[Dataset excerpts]

⁂

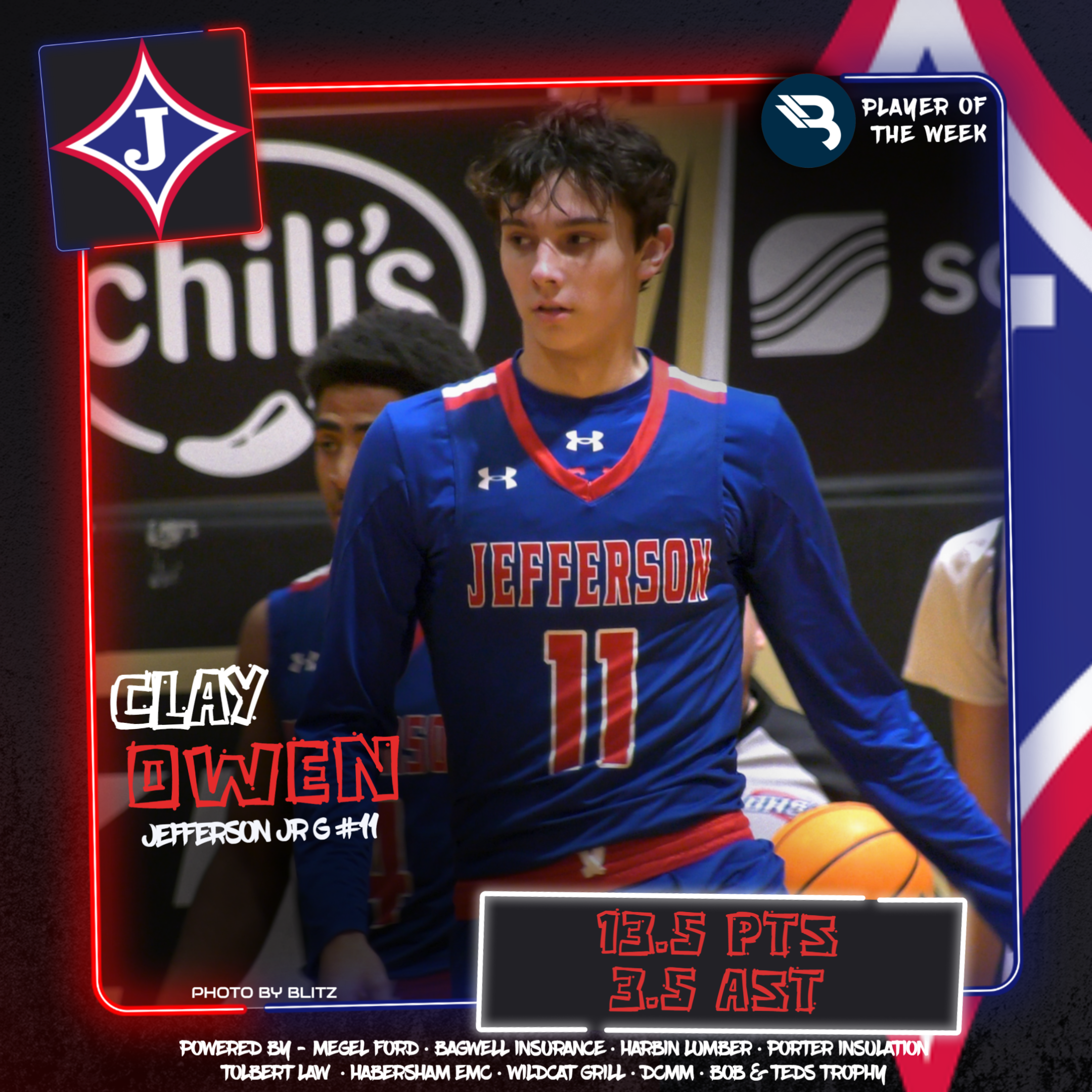 The BLITZ Boys Basketball Players of the Week are Clay Owen (Jefferson) and Houston Henry (Union County). Owen won the Fan Vote with 4,037 of the 5,921 total votes. Henry was the BLITZ Pick.
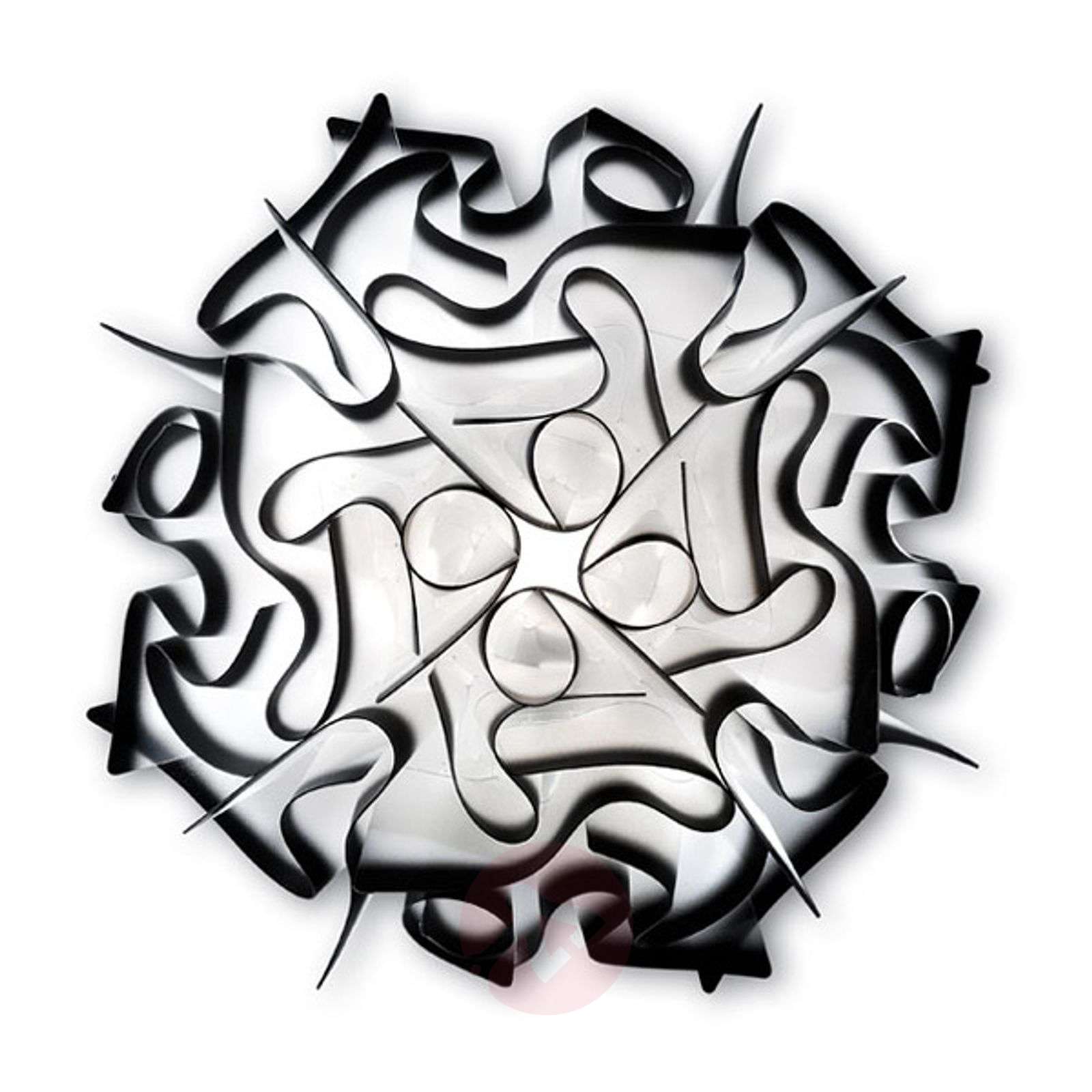 Czarująca ozdoba ściany - lampa VELI przyciąga spojrzenia i zapewnia wspaniałe efekty świetlne Lampa VELI to jedyna w swoim rodzaju kunsztowna oprawa ścienna. Z powodzeniem łączy luksusowy wygląd z nowoczesnym designem, gdyż poszczególne elementy przypominają brzegi falbany eleganckiej, jedwabnej sukienki, którą można spotkać tylko na balach lub podczas hucznych przyjęć. Do stworzenia lampy posłużył bardzo nowoczesny materiał Opalflex®. Efekty, jakie zapewnia lampa, nie mogłyby być piękniejsze. Lampa idealnie nadaje się dla osób, które do purystycznego wnętrza chcą wprowadzić nieco luksusu. Oprócz uniwersalnego białego koloru lampa dostępna jest również w wariantach ze śliwkowym lub antracytowym brzegiem. Niezwykła forma lampy VELI sprawia, że stanowić będzie doskonałą ozdobę sufitu bądź ściany. Atrakcyjna, nowoczesna i innowacyjna forma przyciąga spojrzenia, gdyż zapewnia nastrojowe oświetlenie. Lampę można umieścić na suficie lub ścianie za pomocą praktycznego systemu z magnesem. Dzięki niemu klosz lampy można łatwo zdjąć Ułatwia to nie tylko wymianę żarówki, ale również czyszczenie lampy. Wizjonerskie lampy tworzone przez designerów we Włoszech - Slamp Włoska kuźnia designerów Slamp z siedzibą w Rzymie została założona na początku lat 90. XX wieku. przez Roberto Zilianiego. Ziliani już wcześniej działał twórczo zanim odkrył swoją pasję i możliwości, jaki daje światło. Spełniające najwyższe standardy materiały, wykonanie i jakość Marka Slamp kładzie szczególny nacisk na tworzenie nowych materiałów. Oprócz naturalnych i tradycyjnych surowców takich jak skóra, miedź, kryształ czy stal szlachetna firma Slamp wykorzystuje również własne opatentowane materiały jak Cristalflex®, Opalflex® i Lentiflex®. Dzięki nim możliwe jest stworzenie wyjątkowych efektów świetlnych. Na przykład materiał Lentiflex® służy jako woda, która w zależności od kąta patrzenia zmienia kolor. To właśnie własne materiały marki Slamp oraz powstałe z nich lampy są silnymi atutami firmy. Należą do nich również między innymi spory poziom innowacji, kreatywności oraz oryginalności, a także doskonałe wyczucie działania światła. Klasa efektywności energetycznej: A++
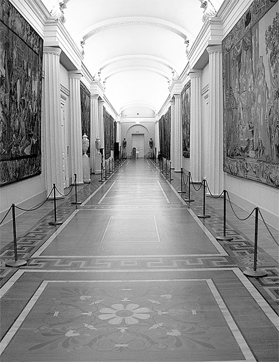 Темный коридор Зимнего дворца идеально подходил для размещения шпалер работы XVI в., поскольку в этом коридоре не было окон и они не выцветали от солнечного света.
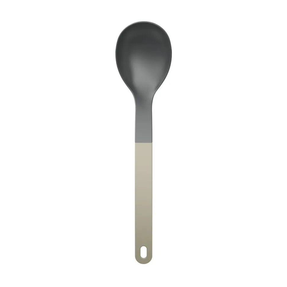 Serveringsske med farvet skaft. 29 cm. Lige til at stikke i skålen eller gryden og sætte på bordet. Fremstillet i nylon, der er skånsomt mod gryder og pander med belægning og tåler varme op til 220 grader C. Ergonomisk design med praktisk ophængshul. Velegnet til opvaskemaskine.
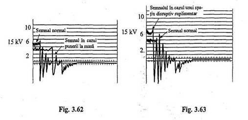 Se vede ca efectele produse de intreruperea fisei de bujie si a defectarii rezistentei antiparazit asupra aspectului diagramei de tensiune secundara sunt asemanatoare. Aceste doua defectiuni pot fi totusi individualizate observand ca in primul caz, imediat dupa deschiderea contactelor ruptorului, se va produce o rapida cadere de tensiune, dar la sfarsitul zonei de intretinere a arcului spatiul disruptiv suplimentar produs de intreruperea fisei de bujie va determina o crestere a tensiunii secundare, facand ca evolutia semnalului sa de deosebeasca de cea normala (fig. 3.63).
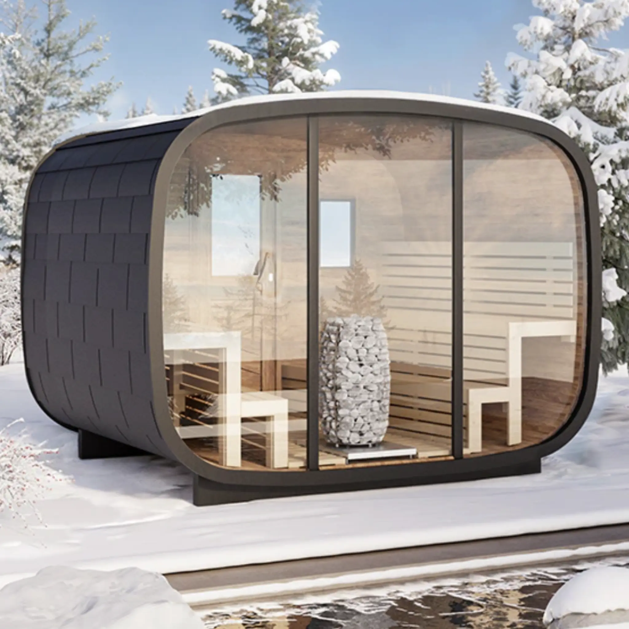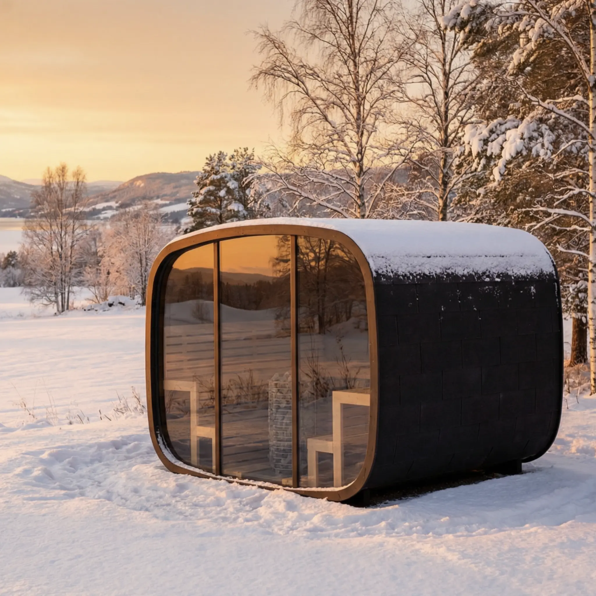 Pakene täydelliseen rauhaan Vision-saunan avulla, jonka kaareva panoraamalasietuosa yhdistää sisätilan lämmön upeisiin ulkonäkymiin. Olipa näkymänä lumiset laaksot, rauhalliset järvet tai kultaiset auringonlaskut, Vision muuttaa jokaisen saunahetken rauhoittavaksi ja palauttavaksi yhteydeksi luontoon.

⁂

Exercise instructions
Precisely those lines above that run from the line with "Темный коридор Зимнего" up to and including the line with "Se vede ca efectele" are to be set down, with the pictures omitted.

Solution for this task
 Темный коридор Зимнего дворца идеально подходил для размещения шпалер работы XVI в., поскольку в этом коридоре не было окон и они не выцветали от солнечного света.
 Serveringsske med farvet skaft. 29 cm. Lige til at stikke i skålen eller gryden og sætte på bordet. Fremstillet i nylon, der er skånsomt mod gryder og pander med belægning og tåler varme op til 220 grader C. Ergonomisk design med praktisk ophængshul. Velegnet til opvaskemaskine.
 Se vede ca efectele produse de intreruperea fisei de bujie si a defectarii rezistentei antiparazit asupra aspectului diagramei de tensiune secundara sunt asemanatoare. Aceste doua defectiuni pot fi totusi individualizate observand ca in primul caz, imediat dupa deschiderea contactelor ruptorului, se va produce o rapida cadere de tensiune, dar la sfarsitul zonei de intretinere a arcului spatiul disruptiv suplimentar produs de intreruperea fisei de bujie va determina o crestere a tensiunii secundare, facand ca evolutia semnalului sa de deosebeasca de cea normala (fig. 3.63).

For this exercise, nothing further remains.